Heavily armed gunmen, suspected of belonging to a paramilitary group, murdered four leaders from the Embera-Kateo indigenous communities in Colombia's Upper Sinu River Basin on September 19. Twenty other Embera-Kateo people were abducted by the gunmen but were all later released.
On September 20, according to an Embera communique, the armed group warned "they would not leave the indigenous area until they have finished their job of forcing us to abandon our traditional territories".
The murders appear to be due to the Embera becoming caught in a war between paramilitaries and left-wing guerrillas. The local paper El Meridiano recently reported that part of the Upper Sinu Basin had been taken over by the FARC guerrilla group. Armed groups consider the Embera territory a strategic corridor, as it allows access to several regions of Colombia.
Paramilitaries, who protect the interests of large landowners and are backed by the US-supported Colombian military, last year killed four Embera leaders. Last year's murders are thought be have been a reaction to the Embera's attempts — all non-violent — to pressure the authorities to recognise their land rights and acknowledge and mitigate the damage to their river, lands and livelihood caused by the Urrao I dam.
Monti Aguirre, Latin America campaigner with the Berkeley-based International Rivers Network (IRN), reporting the murders, said: "The US government is supporting the Colombian military with a $1.3bn aid package. As the paramilitaries are well known to be backed by the military, the US is in effect supporting these atrocities against Colombia's indigenous population. The US should halt this aid package immediately."
In their most recent attack the gunmen also seized fishing supplies, which were provided to the Embera as part of a settlement reached in April with the government to mitigate the impacts of Urrao I. The construction of the 340-megawatt dam has radically reduced fisheries, which had been the mainstay of the Embera diet.
The Colombian Supreme Court last year agreed with the Embera that mitigation measures proposed by the dam builders were inadequate, and ordered negotiations to take place.
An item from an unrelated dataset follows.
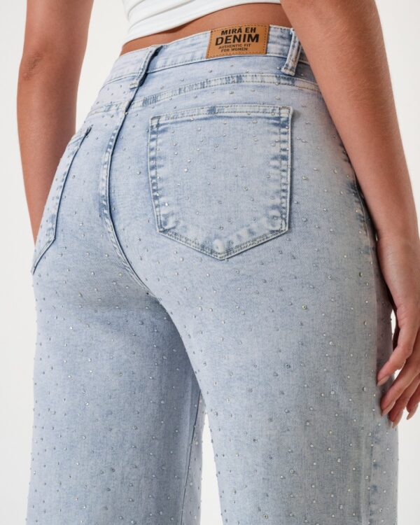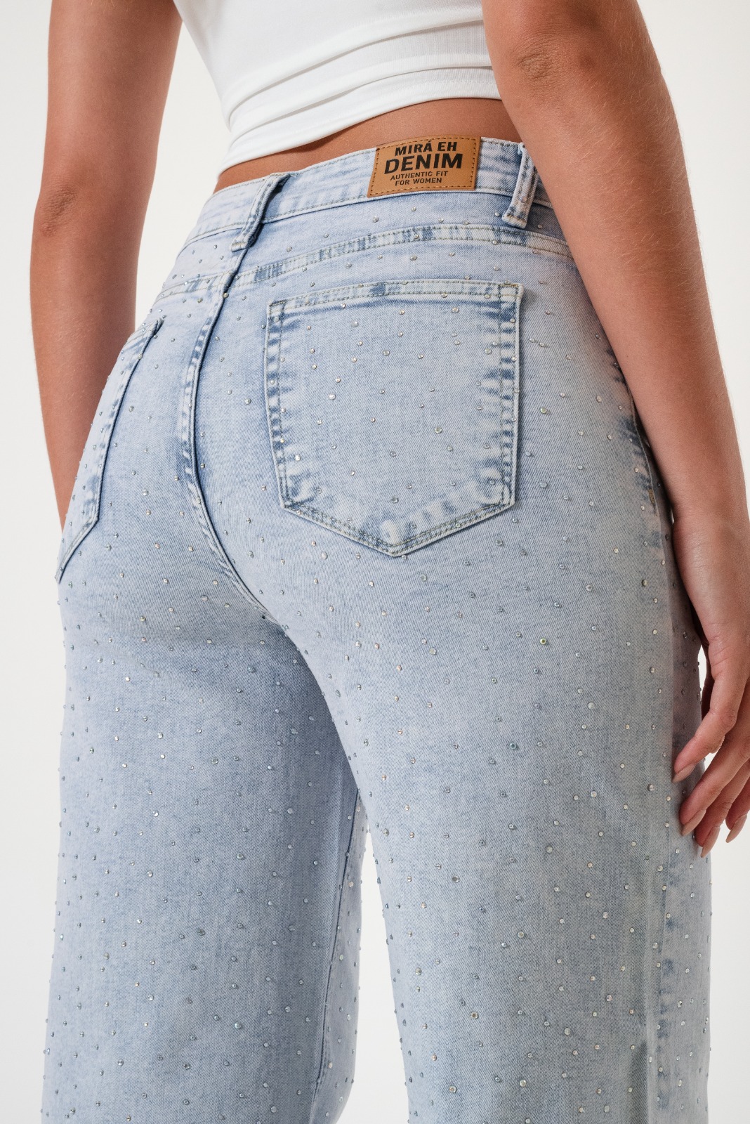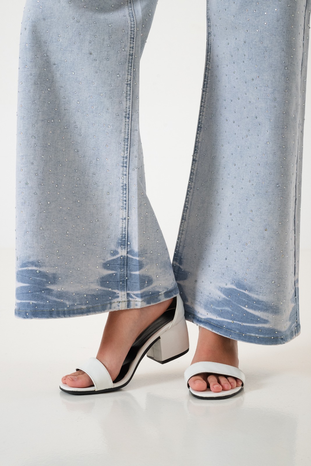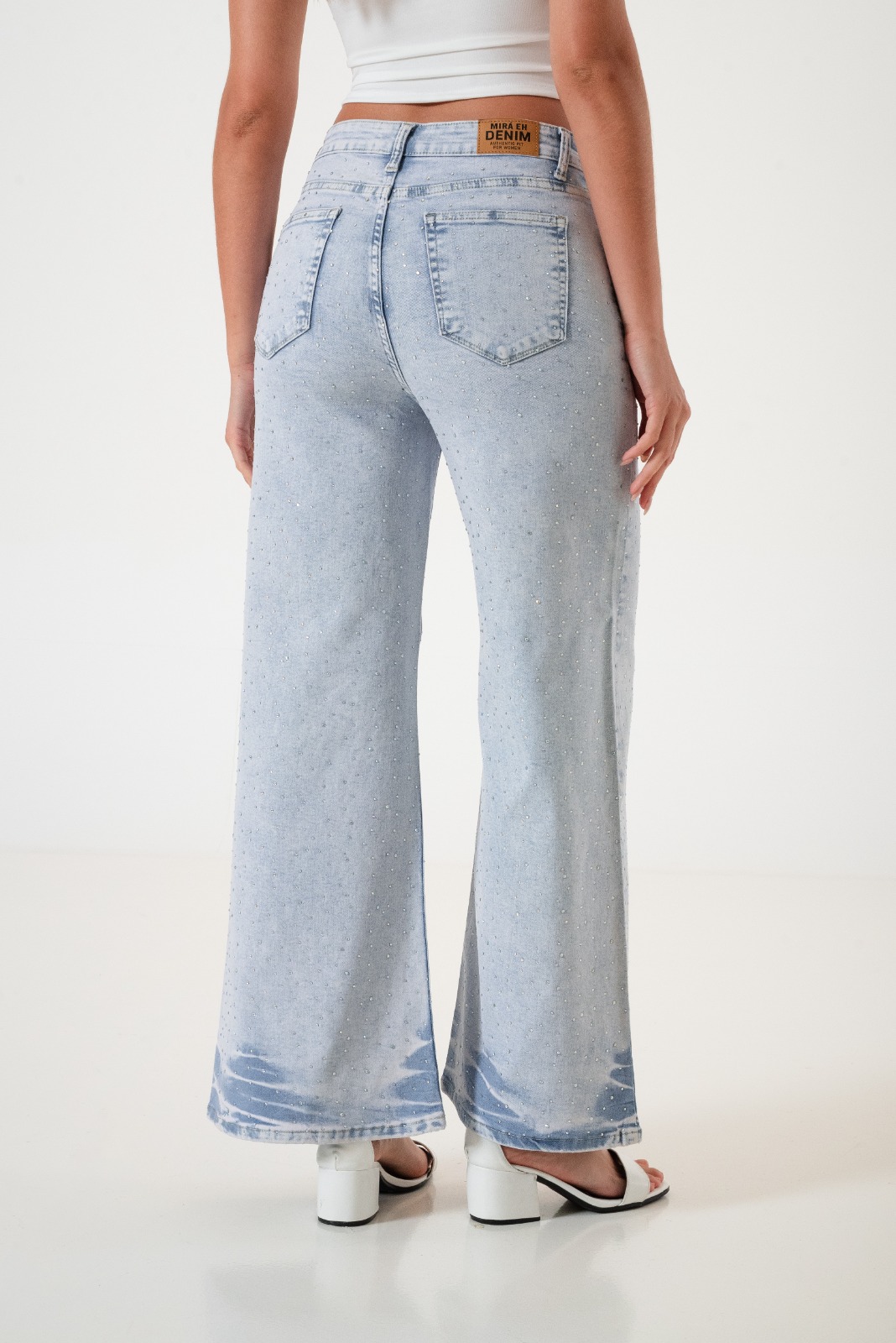 Vaquero estilo wid leg confeccionado en tela de jean con detalle de strass, bolsillos, pasacinto, cierre y boton

However, it took a march by the Embera to the capital, Bogota, and a four-month vigil outside the environment ministry before successful negotiations went ahead.
The resulting agreement, signed with the government on April 19, promised to address human rights issues affecting the Embera, including by granting them rights to lands to replace those flooded by the dam and providing protection to them against paramilitary or other violence.
IRN was named in the agreement as one of the agencies which would monitor its implementation. Aguirre said "the Embera people have already suffered enormously from the impacts of the Urrao dam, Colombian authorities should uphold the agreement and protect the Embera from the paramilitary death squads".